Допельдон, или О чем думает мужчина? - Эдуард Семенов
Шрифт:
Интервал:
Закладка:
Возле ног постоянно крутиться Барсик. Снова просит есть. Вот ненасытное животное. Хотя, впрочем, что ему еще остается желать? У него нет таких проблем, как у меня. Прикидываю себя в его шкуре под ножом у хирурга. Мороз пробегает по коже, только от одной мысли о такой операции. Б-рр! Аж скулы свело! Нет, лучше каждое утро холодный душ, чем такое!
Сегодня телевизор не включаю. Окно — вот мой информатор. Просто поразительно, сколько интересного о мире можно узнать, выглядывая в окно. Цок-цок. Соседка стучит каблуками по асфальту. Пошла на работу. Выглядываю, поддерживаю ее полет.

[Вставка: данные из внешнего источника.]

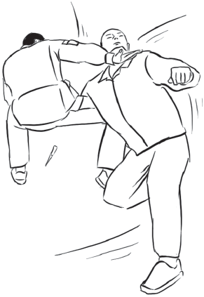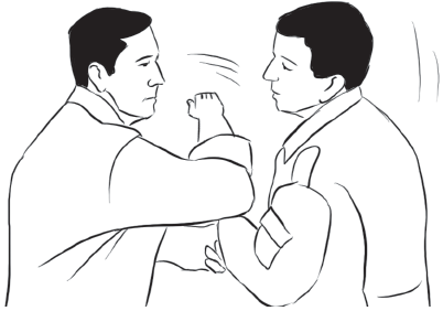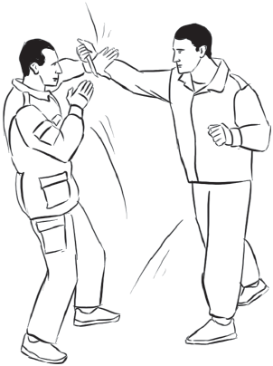 В таком случае руководитель распределяет группы обучающихся так, чтобы первые номера пар держали прямую руку, обозначая прямой удар рукой. Вторые номера с шагом левой ногой вперед встретили этот удар противника ладонью руки в плоскости нанесения с его внешней стороны, обозначив счет «раз». Затем подшагом правой ногой, немного сгибаясь в коленных суставах, одновременно провернули ладонь руки на 90 градусов, обозначив счет «два». После чего обозначили контратакующие действия на счет «три».

Сосед из дома напротив играет со своей собакой.
Начинаю понимать бабушек-старушек, которые проводят за таким занятием целыми днями. Где-то там, на задворках сознания, продолжают крутиться мысли о сексуальной энергии. Насколько она важна для меня? Кстати! Сегодня ключевым словом для появления моего нового слова было слово «трахаться». Может быть, где-то здесь и зарыта собака?
Снова вспоминаю о сыне. По идее, скоро должен наступить тот момент, если уже не наступил, когда и он начнет просыпаться с такими мыслями. Только ему будет гораздо хуже, он не будет сначала знать, что с ним происходит. И надо будет ему объяснить процессы, которые запустит мать-природа в его организме.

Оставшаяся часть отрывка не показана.